- Problem to solve: Return all the lines below exactly. Any picture among them is omitted.

- Dataset extract:
>>>>

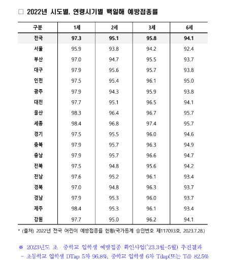 [백일해 예방접종 현황]
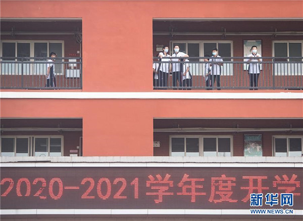 9月1日,武漢中學(xué)的學(xué)生準(zhǔn)備參加開(kāi)學(xué)典禮。當(dāng)日,武漢市2842所中小學(xué)、幼兒園迎來(lái)開(kāi)學(xué),涉及學(xué)生139.9萬(wàn)人,百萬(wàn)學(xué)子重返校園。新華社記者肖藝九攝
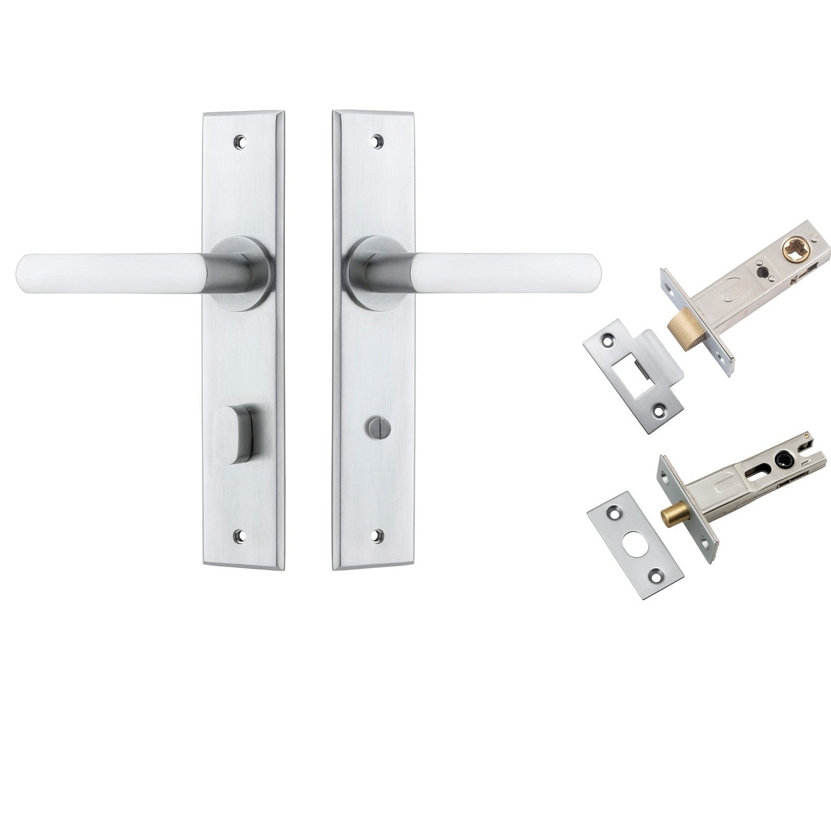 Iver Door Handle Osaka Chamfered Privacy Brushed Chrome Privacy Kit

<<<<

- Task result:
 [백일해 예방접종 현황]
 9月1日,武漢中學(xué)的學(xué)生準(zhǔn)備參加開(kāi)學(xué)典禮。當(dāng)日,武漢市2842所中小學(xué)、幼兒園迎來(lái)開(kāi)學(xué),涉及學(xué)生139.9萬(wàn)人,百萬(wàn)學(xué)子重返校園。新華社記者肖藝九攝
 Iver Door Handle Osaka Chamfered Privacy Brushed Chrome Privacy Kit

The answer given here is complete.